First let’s create an empty Bokeh plot covering the USA, with bounds specified in meters:
from bokeh.plotting import figure
from bokeh.models import WMTSTileSource
# web mercator coordinates
USA = x_range,y_range = ((-13884029,-7453304), (2698291,6455972))
p = figure(tools='pan, wheel_zoom', x_range=x_range, y_range=y_range,
x_axis_type="mercator", y_axis_type="mercator")
A few WTMS tile sources are already defined in bokeh.tile_providers
, but here we’ll show how to specify the interface using a format string showing Bokeh how to request a tile with the required zoom, x, and y values from a given tile provider:
url = 'http://a.basemaps.cartocdn.com/rastertiles/voyager/{Z}/{X}/{Y}.png'
attribution = "Tiles by Carto, under CC BY 3.0. Data by OSM, under ODbL"
p.add_tile(WMTSTileSource(url=url, attribution=attribution))
show(p)
import pandas as pd
import numpy as np
def wgs84_to_web_mercator(df, lon="lon", lat="lat"):
"""Converts decimal longitude/latitude to Web Mercator format"""
k = 6378137
df["x"] = df[lon] * (k * np.pi/180.0)
df["y"] = np.log(np.tan((90 + df[lat]) * np.pi/360.0)) * k
return df
df = pd.DataFrame(dict(name=["Austin", "NYC"], lon=[-97.7431,-74.0059], lat=[30.2672,40.7128]))
wgs84_to_web_mercator(df)
name | lon | lat | x | y | |
---|---|---|---|---|---|
0 | Austin | -97.7431 | 30.2672 | -1.088071e+07 | 3.537942e+06 |
1 | NYC | -74.0059 | 40.7128 | -8.238299e+06 | 4.970072e+06 |
p = figure(tools='pan, wheel_zoom', x_range=x_range, y_range=y_range,
x_axis_type="mercator", y_axis_type="mercator")

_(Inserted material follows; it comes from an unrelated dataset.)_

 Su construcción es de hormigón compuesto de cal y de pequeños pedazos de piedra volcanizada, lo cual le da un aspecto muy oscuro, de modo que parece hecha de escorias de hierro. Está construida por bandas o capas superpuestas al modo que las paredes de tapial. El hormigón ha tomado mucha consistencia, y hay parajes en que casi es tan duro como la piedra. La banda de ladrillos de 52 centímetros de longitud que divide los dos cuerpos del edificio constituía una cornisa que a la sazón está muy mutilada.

p.add_tile(WMTSTileSource(url=url, attribution=attribution))
p.circle(x=df['x'], y=df['y'], fill_color='orange', size=10)
show(p)
Widgets#
from datetime import date
from bokeh.io import show
from bokeh.models import CustomJS, DateRangeSlider
date_range_slider = DateRangeSlider(value=(date(2016, 1, 1), date(2016, 12, 31)),
start=date(2015, 1, 1), end=date(2017, 12, 31))

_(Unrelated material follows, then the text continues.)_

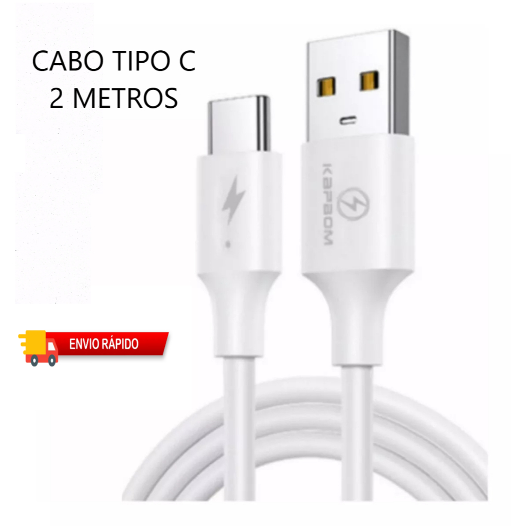 Cabo Carregador Tipo C USB 3A Turbo Celular 2 Metros Carga Rápida Kapbom Original Resistente Reforçado

date_range_slider.js_on_change("value", CustomJS(code="""
console.log('date_range_slider: value=' + this.value, this.toString())
"""))
show(date_range_slider)
Layouts#
Creating dashboard layouts with Bokeh is simple.
Just use row
and column
functions from bokeh.layouts
to arrange plots and widgets in a grid-like fashion.

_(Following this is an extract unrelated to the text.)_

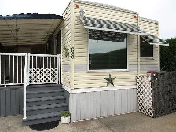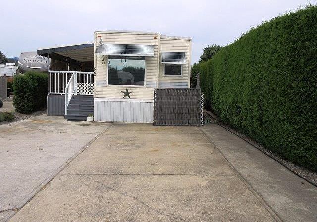 Move in Ready! Great location in the gated community of Holiday Park Resort, this cute 1 bedroom Park Model is bright and cheery. The large covered deck is ideal for your BBQ and outdoor entertaining. The phantom screen allows the fresh air inside but keeps the bugs outside. The hot water and tank and AC was replaced in 2021. The lap pool is a short walk away where you can enjoy a friendly game of water volleyball. The Family Activity Centre is close by where you will find the restaurant, pool, hot tub, children's playground, shuffleboard and coin laundry. Enjoy all the amenities that are available to you - pools, hot tubs, games room, gym, golf course, pickleball court, library plus more. Lease term to 2046. This is registered with the Federal Government. The Annual Maintenance Fee is payable in January of each year. For 2025 the maintenance fee is $5458 which includes water, sewer, security, use of the amenities, maintenance of the common areas and roads, snow removal and garbage disposal area. There is no Property Transfer Tax. Long and short term rentals are allowed. Close proximity to Kelowna International Airport, wineries, golf courses, Rail Trail, shopping and entertainment. Measurements are approximate.

from bokeh.layouts import column
from bokeh.models import ColumnDataSource, Slider, CustomJS
from bokeh.plotting import figure, output_file, show
import numpy as np
from bokeh.io import reset_output, output_notebook
reset_output()
output_notebook()
x = np.linspace(0, 10, 500)
y = np.sin(x)
source = ColumnDataSource(data=dict(x=x, y=y))
# Create plots and widgets
plot = figure()
plot.line('x', 'y', source=source, line_width=3, line_alpha=0.5)
# Create Slider object
slider = Slider(start=0, end=6, value=2,
step=0.2, title='Number of points')
# Adding callback code
callback = CustomJS(args=dict(source=source, val=slider),
code="""
const data = source.data;
const freq = val.value;
const x = data['x'];
const y = data['y'];
for (var i = 0; i < x.length; i++) {
y[i] = Math.sin(freq*x[i]);
}
source.change.emit();
""")
slider.js_on_change('value', callback)
# Arrange plots and widgets in layouts
layout = column(slider, plot)
# output_file('exam.html')
show(layout)
Saving to an HTML File#
It is also often useful to generate a standalone HTML script containing Bokeh content. This is accomplished by calling the output_file(...)
function. It is especially common to do this from standard Python scripts, but here we see that it works in the notebook as well.
# from bokeh.io import output_file, show
# output_file("plot.html")
# show(p) # save(p) will save without opening a new browser tab
In addition the inline plot above, you should also have seen a new browser tab open with the contents of the newly saved “plot.html” file.
It is important to note that output_file
initiates a persistent mode of operation.
That is, all subsequent calls to show will generate output to the specified file.
We can “reset” where output will go by calling reset_output
:
from bokeh.io import reset_output
reset_output()
Git add, commit, push HTML files#
Once you have an html file with an interactive visualization that you are happy with, simply git add, commit, and push the html file to your GitHub repository, which has Github Pages enabled.
Then, you can share the link to the html file on your GitHub repository with others.